Spain’s interior ministry has arrested four members of a major Mexican drug-trafficking cartel, including the cousin of Mexico’s most wanted man.

The four men, who belong to Sinaloa cartel, one of the biggest criminal organisations in the world, were  arrested near their hotels in the capital Madrid, the ministry said in a statement on Friday.

The statement gave the names of the men as Jesus Gutierrez Guzman, Rafael Humberto Celaya Valenzuela, Samuel Zazueta Valenzuela and Jesus Gonzalo Palazuelos Soto.

But the statement did not say precisely when the arrests were made, and when called by phone ministry officials could not immediately give exact details of the dates.

The ministry said the cartel wanted to make Spain a gateway for operations in Europe, even carrying out test runs using shipping containers without drugs, said the Associated Press news agency.

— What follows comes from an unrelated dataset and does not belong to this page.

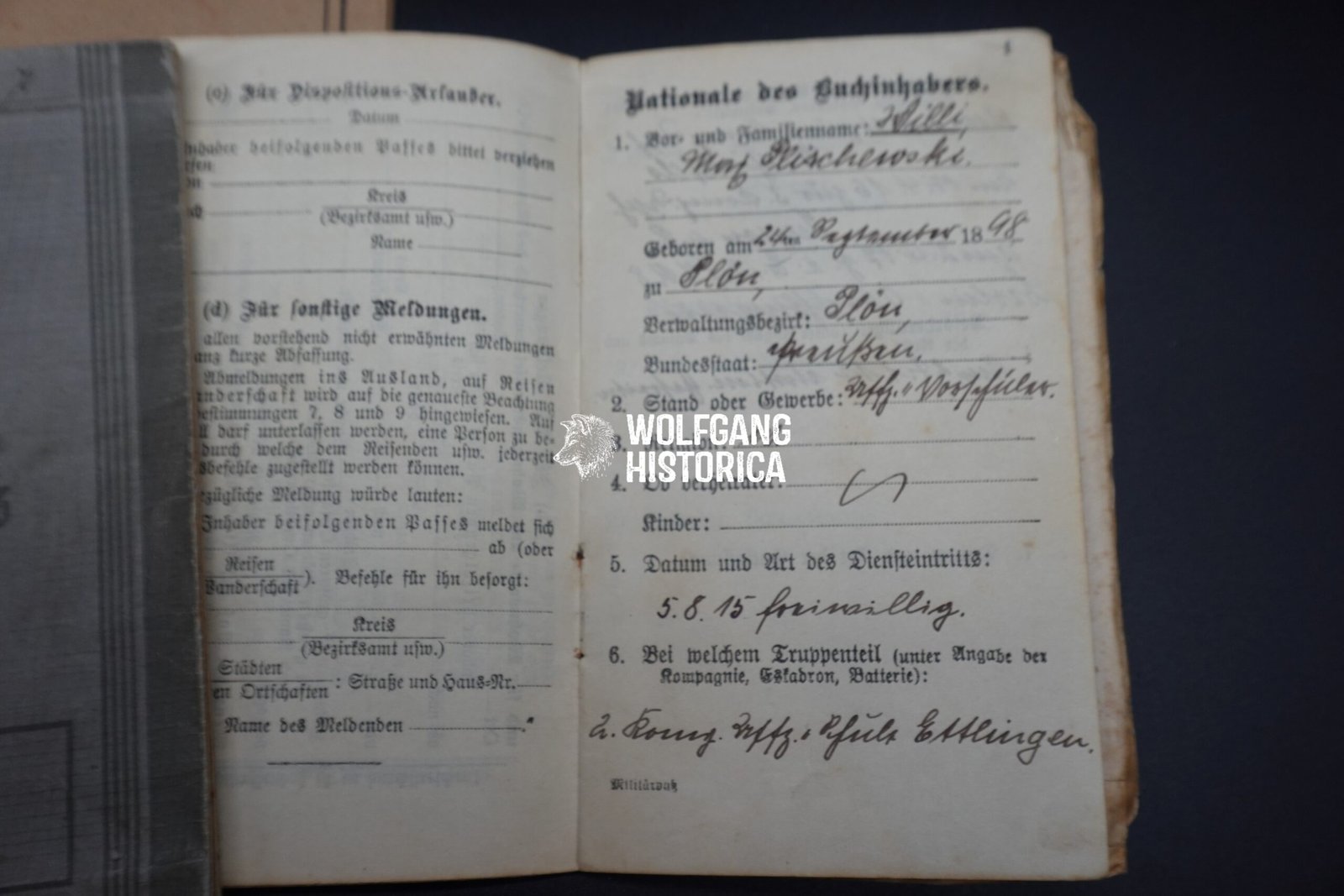 During World War 2, he served with the Feldgendarmerie-Trupp 111 and Feldgendarmerie-Abteilung 693. Eventually joining the Einsatzkommando der Schutzpolizei (?) in December 1943.
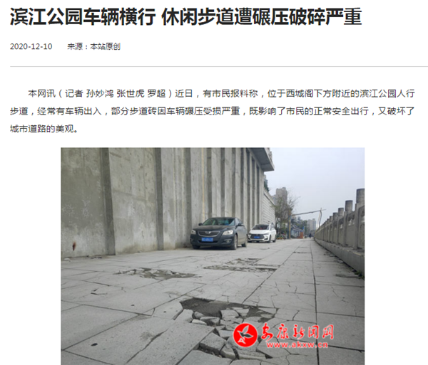 安康新聞網(wǎng)積極履行媒體輿論監(jiān)督職能,開(kāi)設(shè)有“曝光臺(tái)”欄目,主要刊發(fā)市紀(jì)委通報(bào)的典型問(wèn)題。2020年,聚焦民生問(wèn)題,刊發(fā)了《出門(mén)停車(chē)難,回家車(chē)位貴——安康中心城區(qū)物業(yè)小區(qū)停車(chē)問(wèn)題調(diào)查》《“限塑令”下,小小塑料袋緣何依然“橫行”?》《健康就餐:我市推行“分餐制”進(jìn)展調(diào)查》《電動(dòng)車(chē)充電,何時(shí)才能不“飛線(xiàn)”?》等一批原創(chuàng)新聞,反映群眾呼聲,積極推進(jìn)問(wèn)題解決,體現(xiàn)地方黨媒的責(zé)任與擔(dān)當(dāng)。

But investigators managed to monitor many of the group’s activities and intercepted a container carrying 373kg of cocaine in late July before moving in to make the arrests.

“Our country was going to be used as a point of entry for large shipments of narcotics,” the ministry said in a statement.

‘Dark Waters’

Jesus Gutierrez Guzman is alleged to be the cousin of Joaquin Archivaldo Guzman, known as El Chapo, the leader of the cartel and Mexico’s most wanted man.

Since escaping prison in 2001, Joaquin Archivaldo Guzman has run the Sinaloa cartel, one of Mexico’s two most powerful drug-organisations, from a series of hideouts and safe houses across Mexico. 

The joint operation against the cartel, dubbed Dark Waters, began in 2009. Officials said it was made possible thanks to agents using “the most modern research techniques”, which had at all times been supervised by judges and prosecutors.

The ministry’s statement said “the bulk” of the investigation was carried out in the United States.  

The news caused a splash across Mexican media when it emerged that one of the suspects was linked to Mexico’s Institutional Revolutionary Party or PRI, whose candidate won July’s presidential election.  

Rafael Celaya had applied to be a PRI candidate for federal deputy for the northern state of Sonora in the July poll, but was unsuccessful, according to the official party website.  

A photo on Celaya’s Facebook page also showed him standing next to incoming president Enrique Pena Nieto at a campaign event.  

A PRI official said the party was looking into the matter and would release a statement on it later.

The Sinaloa cartel and its allies have been waging a brutal war against the paramilitary Zetas cartel across Mexico, often carrying out mass killings that have left hundreds of dismembered bodies dumped in public places.